EXERCISE GOAL — Omit all pictures, then retype the data exactly as given.

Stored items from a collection

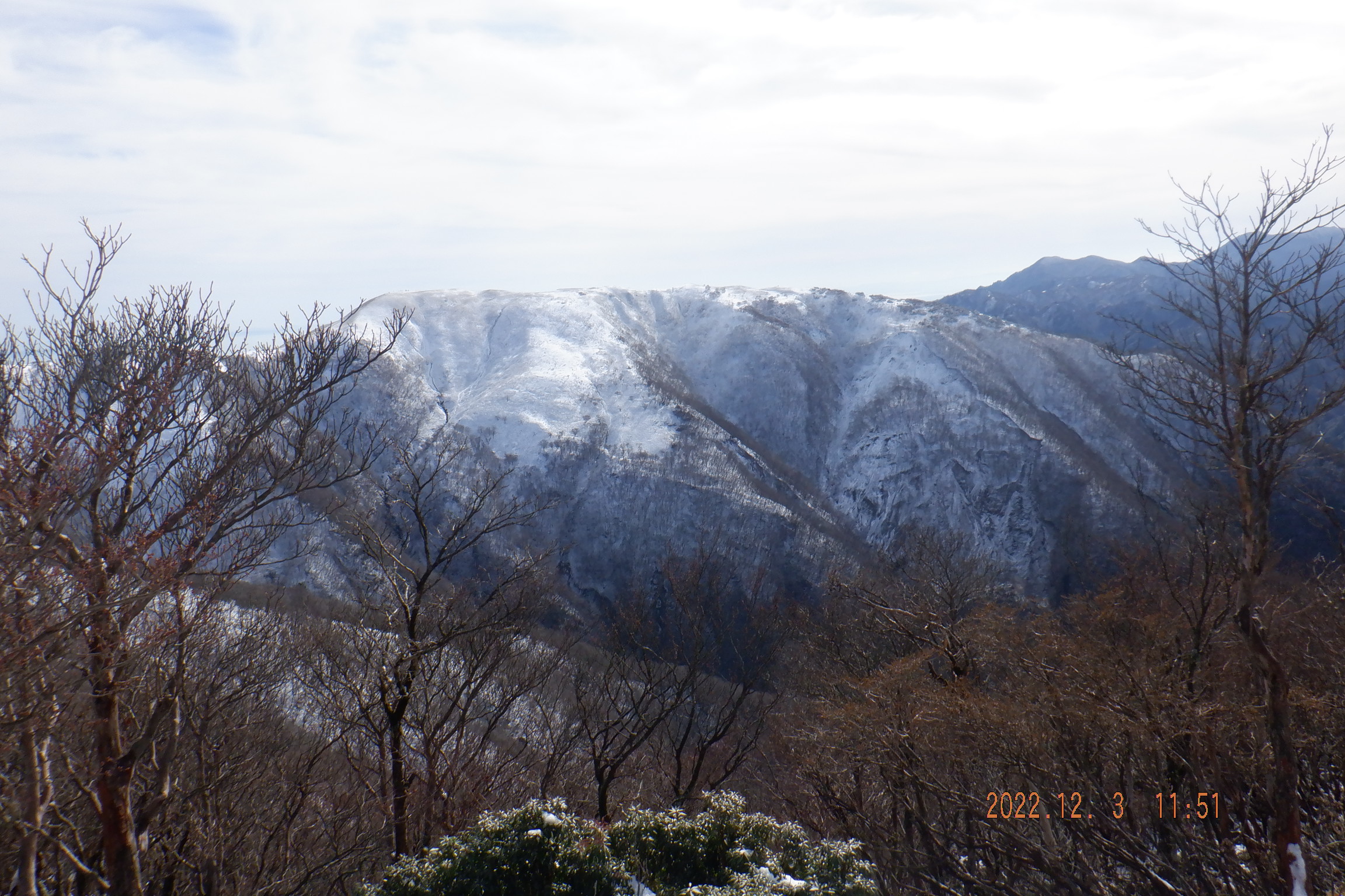 900m辺りまで登ると左手の斜面が霧氷で白く輝いていた。その奥には孫田尾根が見えた。
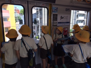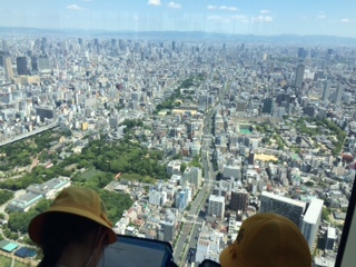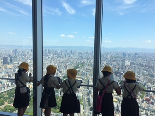 今日は、3年生が環状線一周をしています。天王寺で途中下車して「あべのハルカス」から、大阪市の様子を見ています。天気も良く最高の見学日和です。
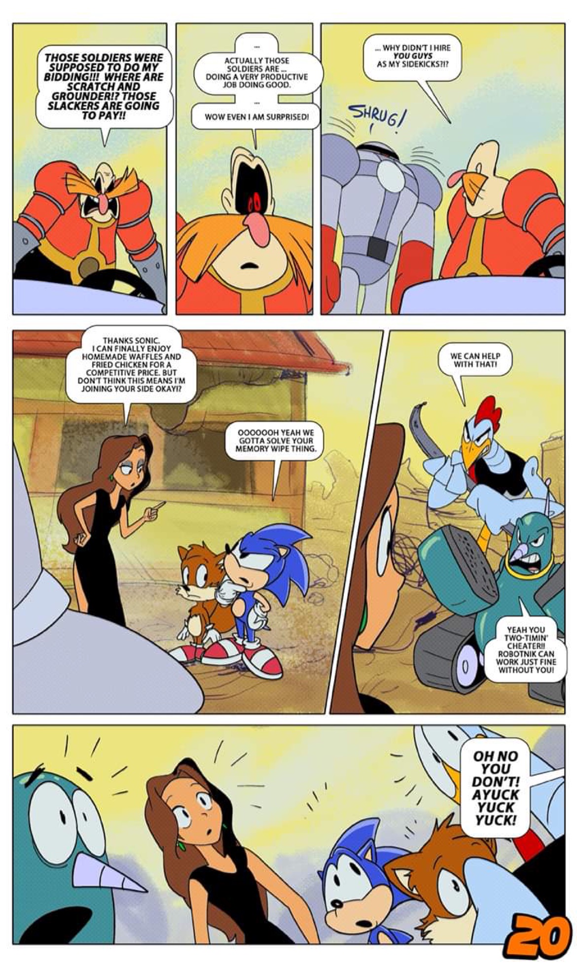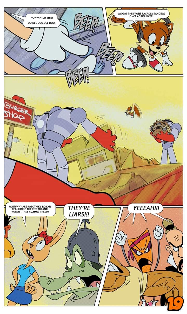 >>445531 Adventures of Sonic the Hedgehog Issue 6 Page 19-20 https://adventuresofsonic.thecomicseries.com These aren't badniks! They're acting like... goodniks!
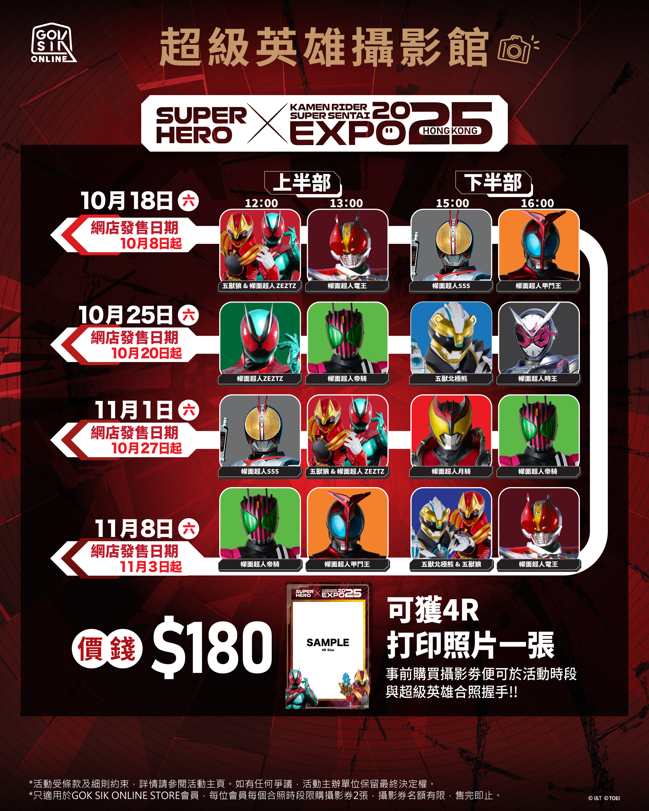 周六限定收費拍照活動,每時段會有指定特攝英雄到場與粉絲合照,有些時段更會有幪面超人及超級 戰隊成員同場合影,合照結束後會附上是次活動限定的相框,讓你一起帶回家留念,有興趣參與的粉 絲可到GOK SIK ONLINE STORE提早購買攝影劵確保名額。
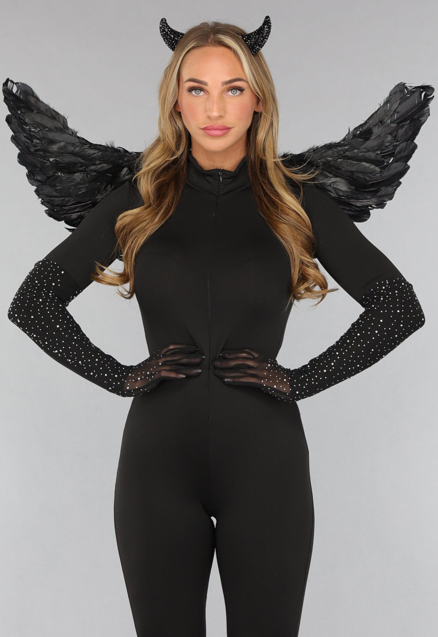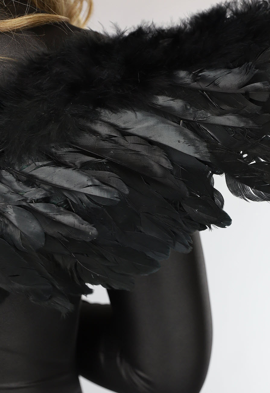 Mis jij nog net dat ene detail van je Halloween outfit? Kijk dan eens naar deze prachtige engelen vleugels. De vleugels zijn zwart en gemaakt van veren. Aan de achterzijde zitten twee elastieken banden waardoor je de vleugels met gemak kan dragen.
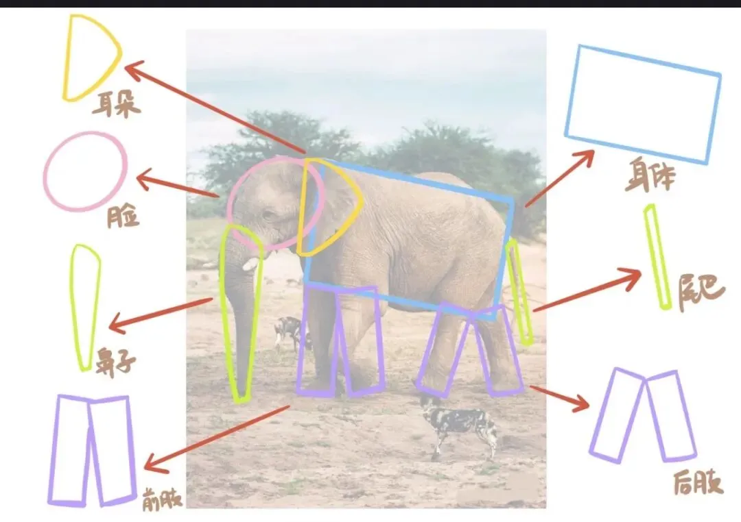 2. 分格子:用直线、曲线、折线,把大象的身体分成大大小小、形状不一的格子,可随意分割,不用追求整齐。

ANSWER TO THIS TASK —
 900m辺りまで登ると左手の斜面が霧氷で白く輝いていた。その奥には孫田尾根が見えた。
 今日は、3年生が環状線一周をしています。天王寺で途中下車して「あべのハルカス」から、大阪市の様子を見ています。天気も良く最高の見学日和です。
 >>445531 Adventures of Sonic the Hedgehog Issue 6 Page 19-20 https://adventuresofsonic.thecomicseries.com These aren't badniks! They're acting like... goodniks!
 周六限定收費拍照活動,每時段會有指定特攝英雄到場與粉絲合照,有些時段更會有幪面超人及超級 戰隊成員同場合影,合照結束後會附上是次活動限定的相框,讓你一起帶回家留念,有興趣參與的粉 絲可到GOK SIK ONLINE STORE提早購買攝影劵確保名額。
 Mis jij nog net dat ene detail van je Halloween outfit? Kijk dan eens naar deze prachtige engelen vleugels. De vleugels zijn zwart en gemaakt van veren. Aan de achterzijde zitten twee elastieken banden waardoor je de vleugels met gemak kan dragen.
 2. 分格子:用直线、曲线、折线,把大象的身体分成大大小小、形状不一的格子,可随意分割,不用追求整齐。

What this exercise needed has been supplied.